Хотелось плакать. Он убежал сюда, спрятался здесь, чтобы никто его не нашел. Устроился в заброшенной туристической хижине, взяв с собой все необходимое. Думал, что здесь-то он в безопасности, ведь кругом одни обрывы и пропасти. В безопасности от призрака. Он не плакал. Потому что, пока вода проникала сквозь одежду, размягчая остатки прижарившейся к спине красной рубахи, он понял, что это его шанс. Его собственный мобильник в кармане брюк, которые лежали на стуле рядом с раковиной.
Он попытался встать, но ноги не слушались его. Ничего страшного, до стула всего какой-то метр. Оперся черными обожженными руками о пол, стараясь не обращать внимания на боль, бросил тело вперед. Он слышал, как лопаются пузыри от ожогов, чувствовал, как запах усиливается, но со второй попытки достиг цели, поискал в карманах и вытащил телефон. Тот оказался включен, и сигнал прекрасный. Список контактов. В свое время он записал телефон того полицейского, главным образом чтобы видеть на дисплее, если тому вздумается ему позвонить.

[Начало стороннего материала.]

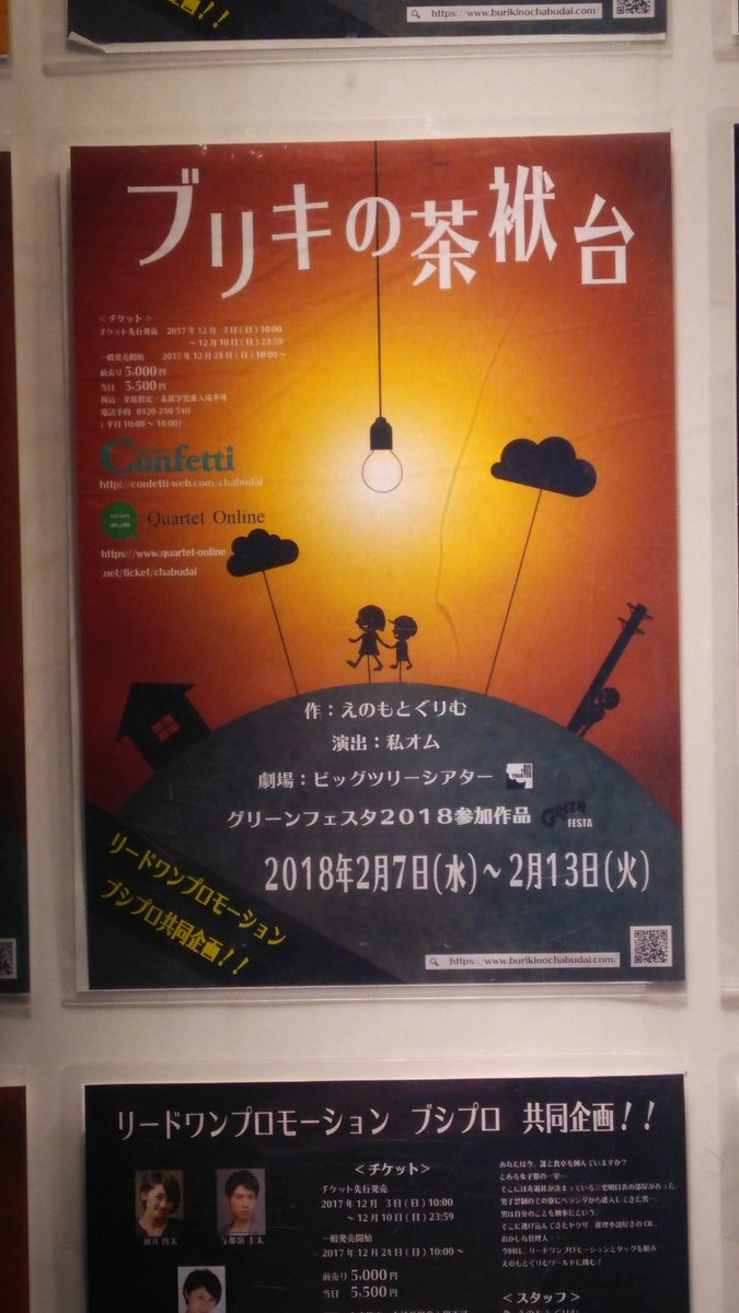 【GREENFESTA2018参加作品】 多くの若手俳優が所属するリードワンプロモーションと、常に魅力的な作品に挑戦し続けるブシプロがタッグを組み、新進気鋭のえのもとぐりむワールドに挑む! 『ブリキの茶袱台』はBIG TREEにて2/7〜2/13まで上演!
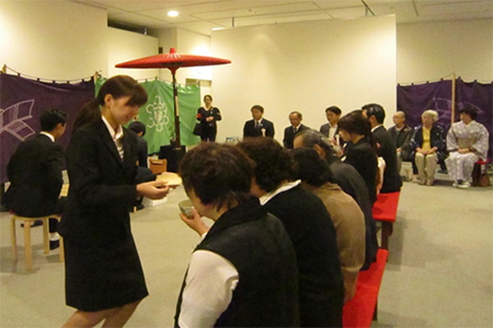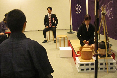 2年生の神村幸弥さんが後見を務め、1年生の田中真井さんが点前を披露しました。
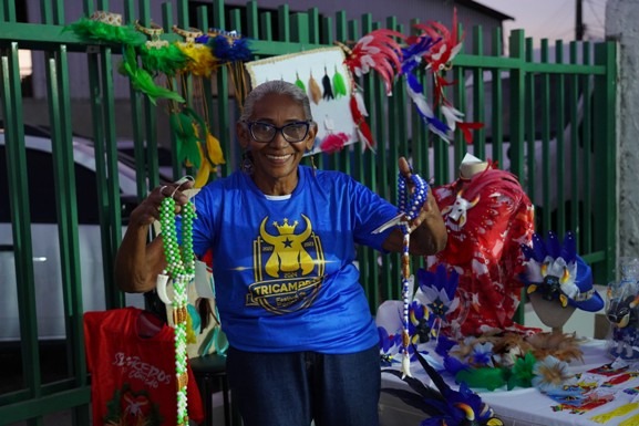Além da dança e das apresentações, o evento foi uma oportunidade para a artesã Joana Pimentel expor e vender seus adereços típicos do folclore. Natural da cidade de Parintins, Joana vive da arte e do amor pelo boi Caprichoso, e não perdeu a oportunidade de trazer um pouco do que é produzido na ilha para Boa Vista. “É um momento especial, para mim e para todos que estão aqui. As pessoas podem aprender a dançar, e para mim, é uma forma de divulgar e vender os meus adereços. Quando vejo todos aqui se movimentando ao som do boi, me sinto em Parintins”, disse Joana.
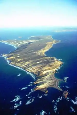 San Miguel Island, together with numerous small islets around it, is defined by the United States Census Bureau as Block 3010, Block Group 3, Census Tract 29.10 of Santa Barbara County, California. The island is uninhabited.[2][3] Highest peak is San Miguel Hill, at 831 feet (253 m). Submerged rocks make the nearly 28-mile (45 km) coastline a mariner's nightmare.
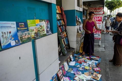 | Le bouquiniste Tin Than (à gauche) montre un livre à un client devant son étal installé à même la rue de Pansodan, dans la capitale birmane Rangoun, le 5 décembre 2018. |
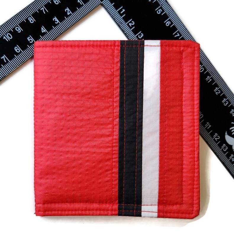 This ultralight men's bi-fold wallet has been fashioned from a recycled paraglider. Once floating among the clouds the fabric is now working hard as a tough rugged wallet. After procuring the decommissioned paraglider wing it is first disassembled and then washed. The fabric is then cut into usable sized strips. From there I can proceed to design, layout, cut, and stitch a wallet. Folded this eco friendly wallet measures 4 x 4 inches and opened out flat it measures 4 inches x 8 inches and is practically weightless.
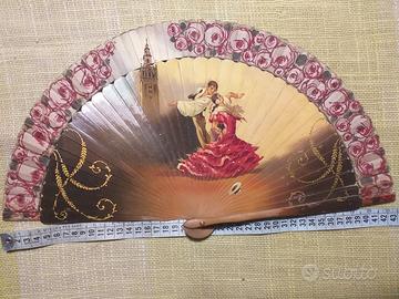 Antico ventaglio spagnolo del "900, in legno con bordura in stoffa telata e aste con immagini laccate.
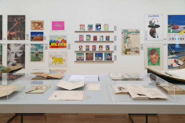 世界地図と、(「水丸事務所」がそのなかに見つけられるように)安西が事務所を構えた南青山の地図は、対象とする地域のサイズの(しかも、きわめて大きな)違いこそあれ、むしろそれこそが中原が書くような、「光をあてるというその光の角度」の差異なのだと本展は主張する。簡易的には「さし絵。図解」(*1)と説明される「イラストレーション」の、別の、もしかしたら本質とも言えるのかもしれないとらえ方の提案への強い意志は、中原のテキストを含むパネルが貼られた壁面を中心にして、その両サイドにも壁を建て、それぞれ地図を展示するという方法からも明らかだ。
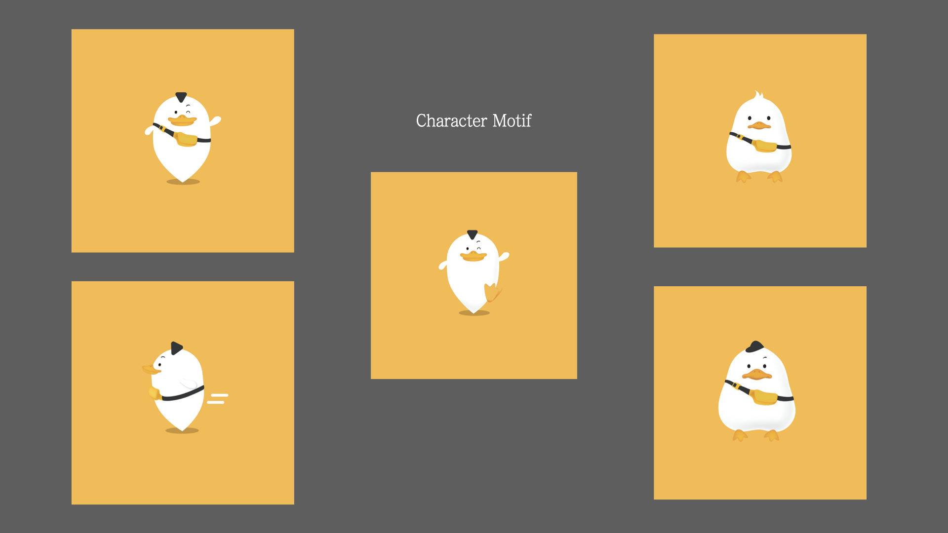 단순하면서도 친근한 오리 캐릭터는 다양한 패턴과 모티프(motif)로 변주가 가능합니다. 오리 스토어와 오리 포인트, 이후 오리 배달 서비스에서 각각 서비스 특징에 걸맞는 변형과 캐릭터 추가도 가능합니다. 나중에는 오리 가족으로 캐릭터도 확장 가능하고 주어진 미션이나 역할에 따라 오리 색깔과 동작, 옷 매무새도 다양하게 변주할 수 있도록 확장 가능성을 염두해 두었습니다.
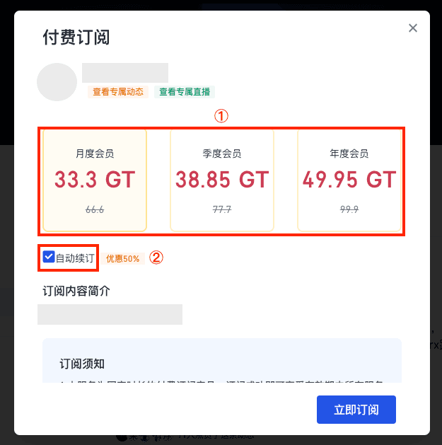 2、通过付费订阅成为该用户的专属会员,并自动关注该用户,所有内容均由该用户提供,该用户具有服务解释权;
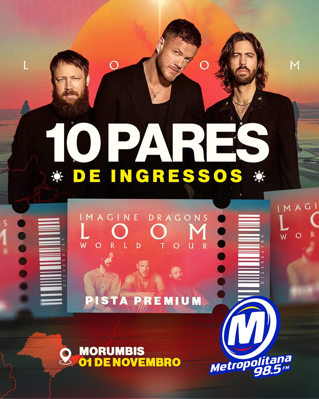 FEEL THE THUNDER 🎶 A Metropolitana vai sortear 10 pares de ingressos, pista premium pro show do Imagine Dragons, dia 01/11. 😍

Он нажал кнопку вызова. Казалось, телефон затаил дыхание в маленькой вечности между гудками. Один-единственный шанс. Душ шумит, он его не услышит. Наконец-то! Раздался голос полицейского. Он оборвал его своим сиплым шепотом, но голос продолжал говорить как ни в чем не бывало. И тут до него дошло, что это автоответчик. Он ждал, когда же голос смолкнет, сжал телефон, почувствовал, как лопнула кожа на руке, но не выпустил трубку. Не мог ее выпустить. Ему надо оставить сообщение… черт, да хватит уже, где же долгий гудок?
Он не слышал, как тот вошел, душ заглушил легкие шаги. Тот вырвал у него телефон, и он увидел, как лыжный ботинок поднимается для пинка.
Когда он снова пришел в сознание, мужчина стоял рядом и с интересом разглядывал его мобильный.
– Смотри-ка, твой берет!
Мужчина вышел из ванной, набирая номер, потом все заглушил шум душа. Но вскоре он вернулся.
– Пошли прокатимся. Ты и я. – Внезапно у него улучшилось настроение. В одной руке он держал паспорт. Его собственный паспорт. А в другой – плоскогубцы из ящика с инструментами.
– Открой рот.
Он сглотнул слюну. Господи Исусе, спаси и помилуй.
– Открой рот, я сказал!
– Пощади! Я клянусь, я рассказал тебе все…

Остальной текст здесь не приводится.